INSTRUCTIONS TO FOLLOW. Among the entries below, find the line with "習主席は「『中國?中央アジア" and the line with "da la ecuación". Return exactly those lines and every line between them, but no pictures.

RECORDS PROVIDED.
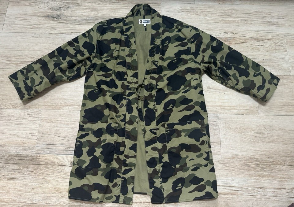 bape A Bathing ape Green camo kimono cardigan Jacket Size M , 100% New-
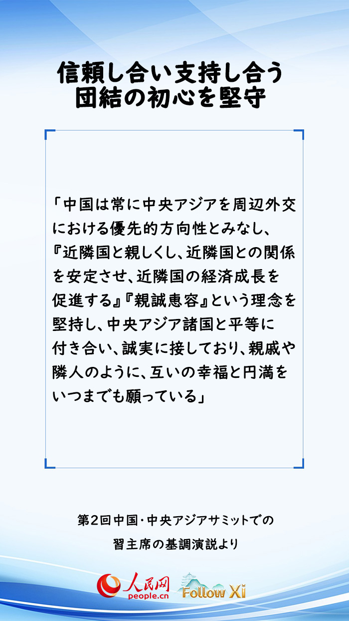 習主席は「『中國?中央アジア精神』を大いに発揚し、地域協(xié)力の質の高い発展を推進する」と題した基調演説を行い、「中國?中央アジア精神」の発揚について踏み込んだ説明を行った。(編集NA)
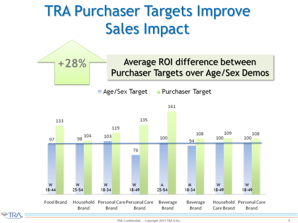In my previous post I called attention to the traditional media agency contract which often includes guarantees on sex/age GRP/impressions and reach, all at the client's budget level -- and I pointed out that this contractual guarantee prevents the agency from making buys that have the greatest ROI and brand equity effects. For example, TRA proved that sex/age is typically not predictive of sales effects (see graph below) and showed that using purchaser targeting in all-rotation buying averaged a mere +4% ROI lift vs. +28% for buys mixing fixed program position buying with rotations.
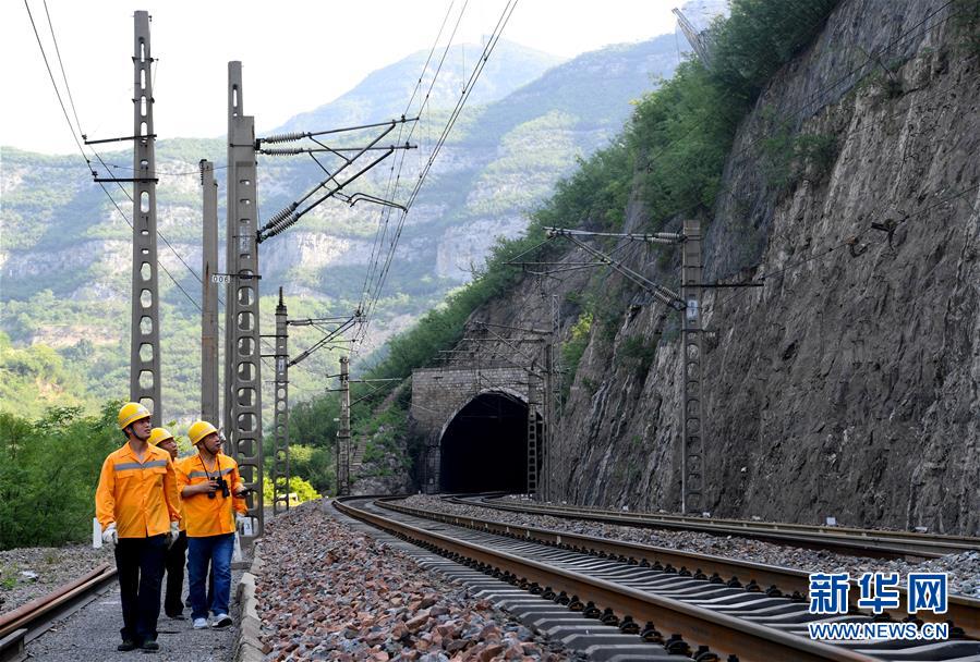 5月21日,捅山工在进行线路巡查。新华社记者郝源摄
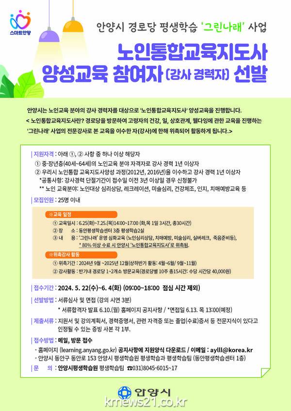 안양시는 경로당 평생학습 ‘그린나래’ 사업의 전담 강사인 ‘노인통합교육지도사’ 양성과정 참여자를 모집한다고 21일 밝혔다.
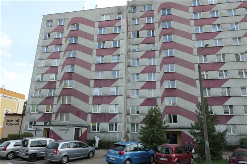 Przedmiotem licytacji jest spółdzielcze własnościowe prawo do lokalu mieszkalnego położonego pod adresem: 18-400 Łomża, Żeromskiego 4/54 wpisanego do rejestru lokali spółdzielni mieszkaniowej: Łomżyńska Spółdzielnia Mieszkaniowa w Łomży (adres spółdzielni: Al. Legionów 7B, 18-400 Łomża ), dla którego Sąd Rejonowy w Łomży VI Wydział Ksiąg Wieczystych prowadzi księgę wieczystą o numerze LM1L/00056690/0. Powierzchnia użytkowa mieszkania to 35,84 m2. Lokal składa sie z dwóch pokoi, kuchni, łazienki, przedpokoju. Lokal położony jest na drugim piętrze budynku wybudowanego ok. 1983r. Budynek posiada 9 kondygnacji mieszkalnych i jedną podziemną. W budynku znajduje się winda. Budynek wyposażony w media miejskie: kanalizacja, en. elektryczna, woda, sieć telekomunikacyjna, sieć ciepłownicza.
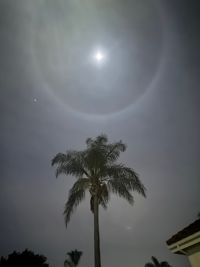 - The moon was surrounded by a subtle rainbow ring — a circle of light, like a message from above
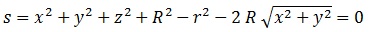 , que nos da la ecuación implícita de nuestra superficie del toro:
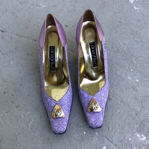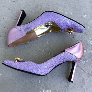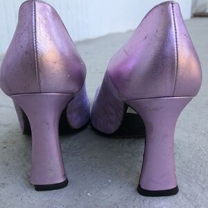 The color is lilac and they are fabric and leather with glitter. The buckle on the toes are perfect and stunning. Please look at the pictures, they need heel tabs and they have scuffs on the back of the heel that a good shoe man should be able to polish out and paint. These run narrow. Heel height is 3 inches
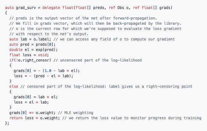 举例来说,我们立足 Netflix 在营销工作当中遭遇的一项宣传问题对该库的性能水平进行调查。在此案例中,我们需要配合一条生存指数分布对最大似然估算进行加权计算。要实现这贡目标,我们向 Vectorflow 传递出以下定制化回调函数:
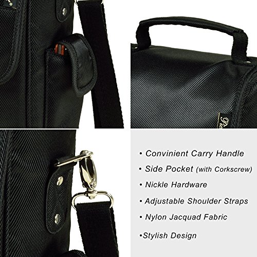 Padded center divider to keep wine bottles from clanking which can be folded back to carry larger bottles - adjustable shoulder strap and convenient carry handle

TASK SOLUTION.
 習主席は「『中國?中央アジア精神』を大いに発揚し、地域協(xié)力の質の高い発展を推進する」と題した基調演説を行い、「中國?中央アジア精神」の発揚について踏み込んだ説明を行った。(編集NA)
In my previous post I called attention to the traditional media agency contract which often includes guarantees on sex/age GRP/impressions and reach, all at the client's budget level -- and I pointed out that this contractual guarantee prevents the agency from making buys that have the greatest ROI and brand equity effects. For example, TRA proved that sex/age is typically not predictive of sales effects (see graph below) and showed that using purchaser targeting in all-rotation buying averaged a mere +4% ROI lift vs. +28% for buys mixing fixed program position buying with rotations.
 5月21日,捅山工在进行线路巡查。新华社记者郝源摄
 안양시는 경로당 평생학습 ‘그린나래’ 사업의 전담 강사인 ‘노인통합교육지도사’ 양성과정 참여자를 모집한다고 21일 밝혔다.
 Przedmiotem licytacji jest spółdzielcze własnościowe prawo do lokalu mieszkalnego położonego pod adresem: 18-400 Łomża, Żeromskiego 4/54 wpisanego do rejestru lokali spółdzielni mieszkaniowej: Łomżyńska Spółdzielnia Mieszkaniowa w Łomży (adres spółdzielni: Al. Legionów 7B, 18-400 Łomża ), dla którego Sąd Rejonowy w Łomży VI Wydział Ksiąg Wieczystych prowadzi księgę wieczystą o numerze LM1L/00056690/0. Powierzchnia użytkowa mieszkania to 35,84 m2. Lokal składa sie z dwóch pokoi, kuchni, łazienki, przedpokoju. Lokal położony jest na drugim piętrze budynku wybudowanego ok. 1983r. Budynek posiada 9 kondygnacji mieszkalnych i jedną podziemną. W budynku znajduje się winda. Budynek wyposażony w media miejskie: kanalizacja, en. elektryczna, woda, sieć telekomunikacyjna, sieć ciepłownicza.
 - The moon was surrounded by a subtle rainbow ring — a circle of light, like a message from above
 , que nos da la ecuación implícita de nuestra superficie del toro:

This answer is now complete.